Is there a problem when accessing/writing to global variable in using doSNOW package on multiple cores?
In the below program, each of the MyCalculations(ii) writes to the ii-th column of the matrix "globalVariable"...
Do you think the result will be correct? Will there be hidden catches?
Thanks a lot!
p.s. I have to write out to the global variable because this is a simplied example, in fact I have lots of outputs that need to be transported from within the parallel loops... therefore, probably the only way is to write out to global variables...
library(doSNOW)
MaxSearchSpace=44*5
globalVariable=matrix(0, 10000, MaxSearchSpace)
cl<-makeCluster(7)
registerDoSNOW(cl)
foreach (ii = 2:nMaxSearchSpace, .combine=cbind, .verbose=F) %dopar%
{
MyCalculations(ii)
}
stopCluster(cl)
p.s. I am asking - within the DoSnow framework, is there any danger of accessing/writing global variables... thx
Since this question is a couple months old, I hope you've found an answer by now. However, in case you're still interested in feedback, here's something to consider:
When using foreach with a parallel backend, you won't be able to assign to variables in R's global environment in the way you're attempting (you probably noticed this). Using a sequential backend, assignment will work, but not using a parallel one like with doSNOW.

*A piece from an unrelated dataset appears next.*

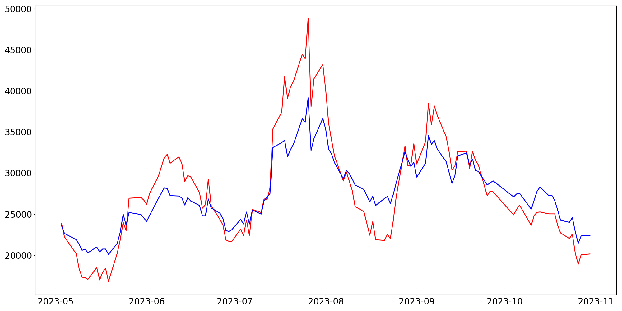 [ - : 실제값(종가) / - : 예측값(종가) ]

Instead, save all the results of your calculations for each iteration in a list and return this to an object, so that you can extract the appropriate results after all calculations have been completed.
My suggestion starts similarly to your example:
library(doSNOW)
MaxSearchSpace <- 44*5
cl <- makeCluster(parallel::detectCores())
# do not create the globalVariable object
registerDoSNOW(cl)
# Save the results of the `foreach` iterations as
# lists of lists in an object (`theRes`)
theRes <- foreach (ii = 2:MaxSearchSpace, .verbose=F) %dopar%
{
# do some calculations
theNorms <- rnorm(10000)
thePois <- rpois(10000, 2)
# store the results in a list
list(theNorms, thePois)
}
After all iterations have been completed, extract the results from theRes and store them as objects (e.g., globalVariable, globalVariable2, etc.)
globalVariable1 <- do.call(cbind, lapply(theRes, "[[", 1))
globalVariable2 <- do.call(cbind, lapply(theRes, "[[", 2))
With this in mind, if you are performing calculations with each iteration that are dependent on the results of calculations from previous iterations, then this type of parallel computing is not the approach to take.